Chicot regarda Henri fixement.
– Henriquet, dit-il, voilà une idée qui n'est pas de toi.
– Pourquoi cela?
– Parce qu'elle est trop forte, mon fils.
– N'importe de qui elle est; je t'interroge, réponds. Crois-tu que Henri de Navarre soit pour quelque chose dans la fuite de mon frère?
– Eh! fit Chicot, j'ai entendu du côté de la rue de la Ferronnerie un Ventre-saint-gris! qui, aujourd'hui que j'y pense, me paraît assez concluant.
– Tu as entendu un Ventre-saint-gris! s'écria le roi.

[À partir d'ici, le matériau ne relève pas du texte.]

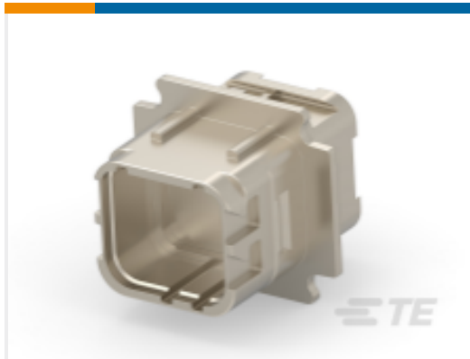
TE 产品编号ZPF00000000146309 Rectangular Connector Receptacle Extenders, Tool-less Assembly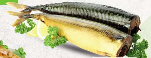
Makrele ohne Kopf, kalt geräuchert an unserer Frischetheke je 1 kg

HÄHNCHENSCHENKEL | SCHWEINEBAUCH | SCHWEINENACKEN HAUSGEMACHT MARINIERT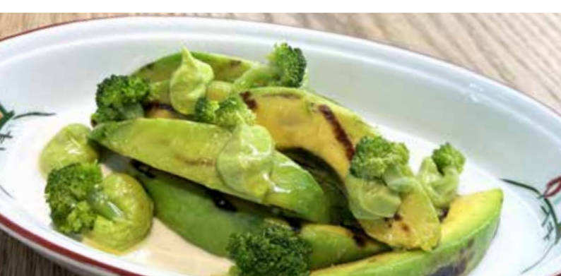
АВОКАДО НА ГРИЛЕ 345₹ с соусом из авокадо, киви и брокколи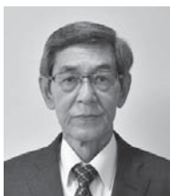
瑞宝単光章 【警察功労】

【受章者の声】このたびの叙勲に際し、図らずも拝受の栄に浴し、身の引き締まる思いでございます。この栄誉は私を指導していただきました職場の先輩、仲間、地域の皆さま方のお陰でございます。今後は健康に留意し、市勢の向上の一助になれるよう日々充実した生活に努めてまいります。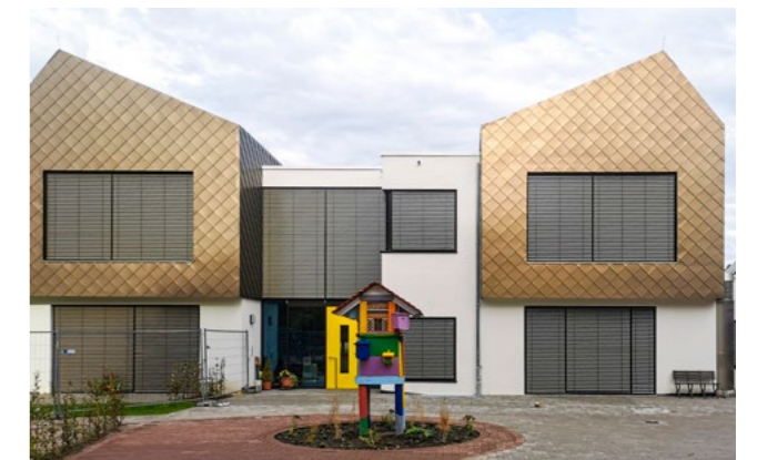
Die evangelische Kindertagesstätte Friedrich Fröbel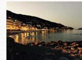
Alasio bei Nacht, richtiges Urlaubsflair...

Als Überraschung für euch haben wir eine kleine Fahrt ins Blaue vorbereitet: Entdeckt eine weitere Stadt an der Küste.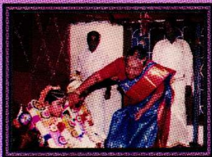
இந்தியாவில் மூத்தமகனின் தருமணத்தின் போது...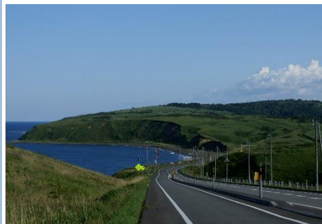
●景観資源 サハリンの島影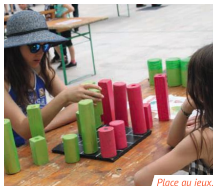
Place aux jeux.

Dimanche 9, de 10h à 2h du matin , Place aux jeux. Place François-Mitterrand.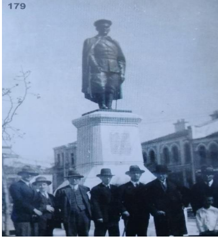
Fotoğraf 15. Anıtın güneybatı yönündeki yazının orijinal halinin de algılanabildiği geçmişteki görünümü.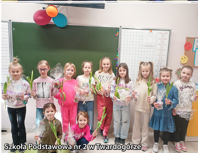
Szkoła Podstawowa nr 2 w Twardogórze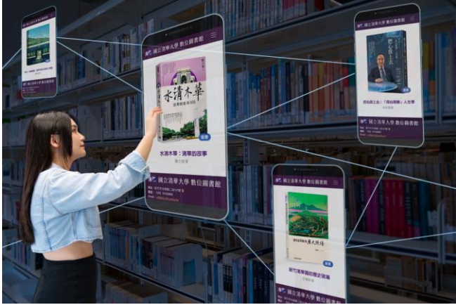
本校推出全國第一座大學數位圖書館。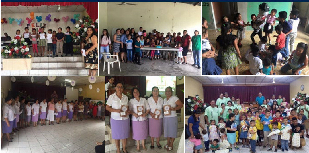
1.-Esta iglesia festejó con gozo el Día del Niño, en la cual participaron por edades. 2.-Grupo de niños con sus maestros. 3.-Siempre presente el quiebre de piñatas. 4.-Grupo de la Unión Femenil que celebró su aniversario. 5.-Las hermanas de La directiva reciben una plaqueta por su denodado esfuerzo. 6.-Un grupo de Alabama, obsequió a los niños de la iglesia, Regalos para el gozo de los chiquillos.

– Ma foi, oui, répondit Chicot, je m'en souviens aujourd'hui seulement.
– Il était donc à Paris?
– Je le crois.
– Et qui peut te le faire croire!
– Mes yeux.
– Tu as vu Henri de Navarre?
– Oui.
– Et tu n'es pas venu me dire que mon ennemi était venu me braver jusque dans ma capitale!
– On est gentilhomme ou on ne l'est pas, fit Chicot.
– Après?
– Eh bien! si l'on est gentilhomme, on n'est pas espion, voilà tout.
Henri demeura pensif.
– Ainsi, dit-il, l'Anjou et le Béarn! mon frère François et mon cousin Henri!

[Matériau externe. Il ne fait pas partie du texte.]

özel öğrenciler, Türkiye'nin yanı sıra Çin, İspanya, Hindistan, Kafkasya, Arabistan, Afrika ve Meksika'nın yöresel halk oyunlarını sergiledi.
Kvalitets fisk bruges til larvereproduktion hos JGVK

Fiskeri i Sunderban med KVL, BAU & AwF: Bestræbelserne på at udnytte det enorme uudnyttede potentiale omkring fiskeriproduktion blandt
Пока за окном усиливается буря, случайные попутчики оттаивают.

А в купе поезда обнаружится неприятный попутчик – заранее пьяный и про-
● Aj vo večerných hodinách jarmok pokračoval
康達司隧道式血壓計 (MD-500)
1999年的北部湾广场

– Sans compter les trois Guise, bien entendu.
– Comment! tu crois qu'ils feront alliance ensemble?
– Trente-quatre mille hommes d'une part, dit Chicot en comptant sur ses doigts: dix mille pour l'Anjou, huit mille pour la Guyenne, seize mille pour le Béarn; plus vingt ou vingt-cinq mille sous les ordres de M. de Guise, comme lieutenant général de les armées; total, cinquante-neuf mille hommes; réduisons-les à cinquante mille, à cause des gouttes, des rhumatismes, des sciatiques et autres maladies. C'est encore, comme tu le vois, mon fils, un assez joli total.
– Mais Henri de Navarre et le duc de Guise sont ennemis.